What to do
From the entries that follow, copy exactly the lines beginning at the line holding "Unit price perUnity" and continuing through the line holding "意味不明あだ名 | 『自称ふじさわたけやす』 |".
Segment Start: Extracted data
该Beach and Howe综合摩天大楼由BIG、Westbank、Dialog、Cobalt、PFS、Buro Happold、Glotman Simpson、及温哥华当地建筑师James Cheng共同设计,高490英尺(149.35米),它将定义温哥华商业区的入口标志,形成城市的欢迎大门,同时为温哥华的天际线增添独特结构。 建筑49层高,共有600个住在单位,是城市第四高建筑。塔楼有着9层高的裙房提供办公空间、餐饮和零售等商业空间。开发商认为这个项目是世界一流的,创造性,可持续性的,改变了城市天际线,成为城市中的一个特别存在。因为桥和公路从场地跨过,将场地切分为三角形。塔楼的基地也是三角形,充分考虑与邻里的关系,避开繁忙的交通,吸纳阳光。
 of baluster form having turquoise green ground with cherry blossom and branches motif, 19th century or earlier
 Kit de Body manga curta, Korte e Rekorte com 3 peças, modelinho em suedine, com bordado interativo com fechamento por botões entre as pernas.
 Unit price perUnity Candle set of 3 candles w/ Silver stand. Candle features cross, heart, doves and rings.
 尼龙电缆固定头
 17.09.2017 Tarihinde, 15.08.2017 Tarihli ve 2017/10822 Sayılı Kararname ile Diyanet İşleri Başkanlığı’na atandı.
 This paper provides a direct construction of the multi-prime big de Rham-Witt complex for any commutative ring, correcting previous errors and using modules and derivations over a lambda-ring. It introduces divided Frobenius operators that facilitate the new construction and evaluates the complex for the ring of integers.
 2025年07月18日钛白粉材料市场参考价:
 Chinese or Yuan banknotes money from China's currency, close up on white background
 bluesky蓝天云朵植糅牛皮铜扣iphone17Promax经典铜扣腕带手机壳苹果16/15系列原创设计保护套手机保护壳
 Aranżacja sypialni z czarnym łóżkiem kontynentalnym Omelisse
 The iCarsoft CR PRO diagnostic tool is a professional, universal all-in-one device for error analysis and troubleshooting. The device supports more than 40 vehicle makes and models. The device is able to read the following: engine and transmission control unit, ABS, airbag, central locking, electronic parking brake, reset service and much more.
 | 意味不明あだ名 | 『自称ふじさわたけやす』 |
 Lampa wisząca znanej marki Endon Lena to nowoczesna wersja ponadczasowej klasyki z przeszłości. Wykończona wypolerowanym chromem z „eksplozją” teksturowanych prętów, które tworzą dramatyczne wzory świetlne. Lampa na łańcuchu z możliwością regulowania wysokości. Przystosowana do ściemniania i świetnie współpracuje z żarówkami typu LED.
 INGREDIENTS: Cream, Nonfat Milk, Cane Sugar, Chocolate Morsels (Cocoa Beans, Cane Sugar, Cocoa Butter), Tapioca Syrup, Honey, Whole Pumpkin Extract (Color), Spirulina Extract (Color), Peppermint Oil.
Segment End: Extracted data
Response to this task
 Unit price perUnity Candle set of 3 candles w/ Silver stand. Candle features cross, heart, doves and rings.
 尼龙电缆固定头
 17.09.2017 Tarihinde, 15.08.2017 Tarihli ve 2017/10822 Sayılı Kararname ile Diyanet İşleri Başkanlığı’na atandı.
 This paper provides a direct construction of the multi-prime big de Rham-Witt complex for any commutative ring, correcting previous errors and using modules and derivations over a lambda-ring. It introduces divided Frobenius operators that facilitate the new construction and evaluates the complex for the ring of integers.
 2025年07月18日钛白粉材料市场参考价:
 Chinese or Yuan banknotes money from China's currency, close up on white background
 bluesky蓝天云朵植糅牛皮铜扣iphone17Promax经典铜扣腕带手机壳苹果16/15系列原创设计保护套手机保护壳
 Aranżacja sypialni z czarnym łóżkiem kontynentalnym Omelisse
 The iCarsoft CR PRO diagnostic tool is a professional, universal all-in-one device for error analysis and troubleshooting. The device supports more than 40 vehicle makes and models. The device is able to read the following: engine and transmission control unit, ABS, airbag, central locking, electronic parking brake, reset service and much more.
 | 意味不明あだ名 | 『自称ふじさわたけやす』 |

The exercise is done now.